# 침대는 가구가 아니야



## 조금만

It's not just TV dramas that send me here for enlightenment over things that otherwise defeat my reference sources. The commercial breaks can pose riddles, too.

Right now for instance, on all the channels, there's an ad for a brand of "scientifically designed" bed whose merits are extolled by Lee Sun Gyeon, followed up by all nine SNSD members in pink nighties sitting on one of the said beds and intoning "침대는 가구가 아니야"  Now, the meaning isn't a problem: "A bed's not (just) a piece of furniture"  But I get the impression that this phrase may be some sort of allusion to a well known saying or catchphrase (though not one well known to me...) rather than a slogan invented by this ad agency for this campaign. Is that so?  

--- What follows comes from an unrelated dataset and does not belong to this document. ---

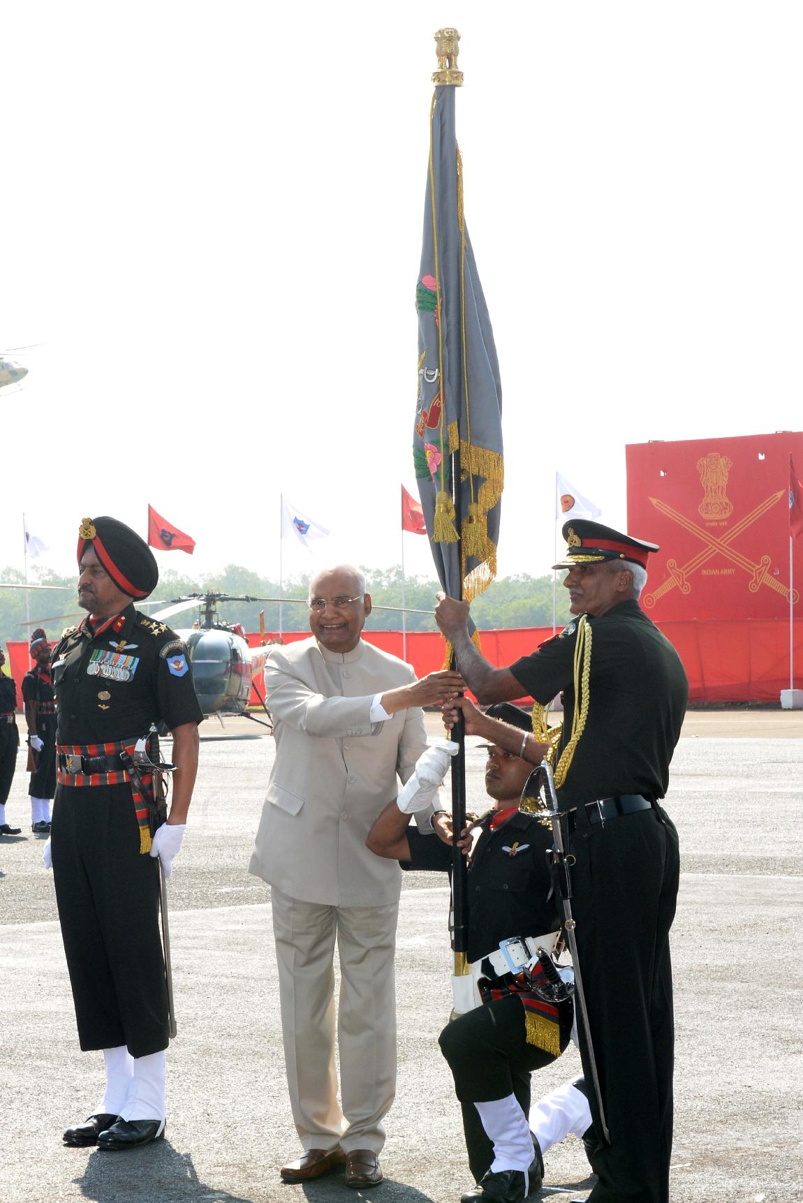 | Caption: | The President of India, Shri Ram Nath Kovind presenting Colours to the Army Aviation Corps, in Nashik, Maharashtra on October 10, 2019. |

Whatever the case with that phrase, I suspect the closing injunction from three of the young ladies to "Hebbae.. [inappropriate pause] .. koot 잠" - helpfully subtitled as "Have a good..." for those of us puzzled by Konglish sounds, is indeed a one-off example destined for early oblivion before yet more media-inflicted damage on standards of English pronunciation is visited on the Korean viewing public.


----------



## 경상남도로 오이소

The phrase is a well-known catchphrase which traces back to the early 90's, when that very same company launched an advertisement where an actor 박상원 proclaimed "침대는 가구가 아닙니다. 과학입니다". I remember that the whole campaign was praised by TV critics as one of the most well-made catchphrases in Korean TV advertisement history, as such. 

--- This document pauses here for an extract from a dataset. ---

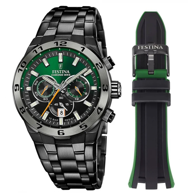 Festina Chrono Bike, Special Edition Box Set, Men's Watch, Green &Black Silicone Strap F20673/2
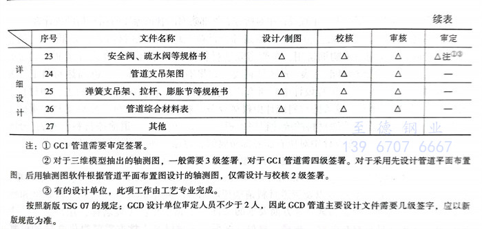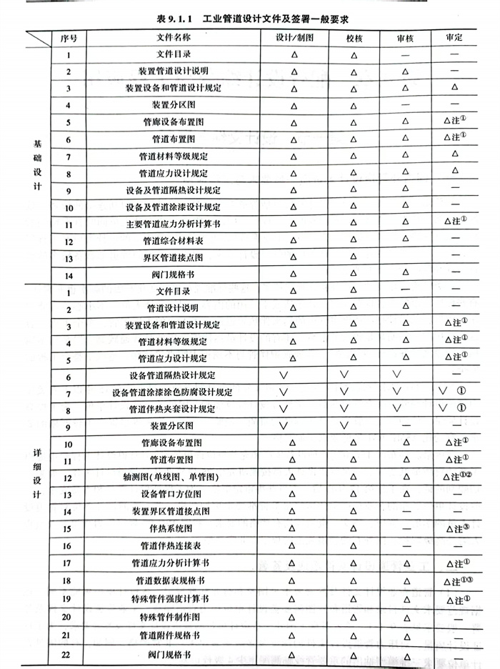 管(guan)道(dao)專業(ye)設(she)計(ji)(ji)文(wen)(wen)件(jian)及(ji)簽(qian)(qian)署(shu)要(yao)求見(jian)國家和(he)行業(ye)標準規(gui)定,各設(she)計(ji)(ji)單(dan)(dan)位可能不同。根據規(gui)范要(yao)求文(wen)(wen)件(jian)目錄和(he)管(guan)道(dao)布(bu)置圖需要(yao)蓋(gai)設(she)計(ji)(ji)單(dan)(dan)位壓(ya)力管(guan)道(dao)印章。工業(ye)管(guan)道(dao)設(she)計(ji)(ji)文(wen)(wen)件(jian)及(ji)簽(qian)(qian)署(shu)一(yi)般要(yao)求見(jian)表9.1.1。浙江至(zhi)德鋼業(ye)有限公(gong)司技術人員(yuan)考(kao)察了國外(wai)一(yi)些設(she)計(ji)(ji)單(dan)(dan)位的管(guan)道(dao)設(she)計(ji)(ji)文(wen)(wen)件(jian)及(ji)簽(qian)(qian)署(shu)要(yao)求,為了保證設(she)計(ji)(ji)質量,對壓(ya)力管(guan)道(dao)設(she)計(ji)(ji)文(wen)(wen)件(jian)的深度及(ji)多級簽(qian)(qian)署(shu)要(yao)求均(jun)非常嚴格,例如(ru),有的國外(wai)設(she)計(ji)(ji)單(dan)(dan)位要(yao)求三維模(mo)型抽(chou)出的重要(yao)管(guan)線軸測圖至(zhi)少4級校審(shen)簽(qian)(qian)署(shu)。

Most people, to this day, would remember the phrase.

I found a link to one of the early commercials here (presumably early 90's): http://www.youtube.com/watch?v=Aa0prZazklM


----------



## 경상남도로 오이소

20대 중후반 이상, 그러니까 90년대에 tv를 보신 분들이라면 에이스침대의 광고를 다들 기억하실겁니다. (아마 소녀시대 나이또래도 기억날듯...) "침대는 가구가 아닙니다, 과학입니다."라는 문구는 당시 큰 반향을 불러일으켰죠.

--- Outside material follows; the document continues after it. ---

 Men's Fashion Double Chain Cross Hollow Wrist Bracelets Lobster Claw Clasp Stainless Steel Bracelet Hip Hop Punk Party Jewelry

저는 아직도 생각나는게, 몇몇 분들이 과하게 걱정을 하신게 있는데, 초등학생 (당시는 "국민학생"이라고 칭했지요) 저학년 학생들에게 "침대는 가구입니까, 아닙니까"라고 문제를 냈더니, 정확하게 몇 %인지는 기억이 나지 않지만, 좀 많은 어린이들이 "가구가 아니다"라고 답했다고 해요. 그러니까, 당시에는 광고의 해악, tv의 해악 등의 토론이 활발하던 시기였는데, 이 사례를 들어서 봐라, 광고가 아이들을 삐뚫게 교육시킨다, 이런 식으로 주장하는 사람들이 꽤 있었습니다. 요즘에는 당시보다 초등학생들이 영악해져가지고 알건 다 알고, 오히려 tv보다는 컴퓨터게임, 스마트폰 등의 해악에 대해서 얘기하니, 격세지감을 느낍니다. (좀 뜬금없지만..하하)


----------



## 조금만

Thank you so much, for the link as well as for the information, so speedily supplied.

  Getting information and pointers like this is what makes this forum indispensible


----------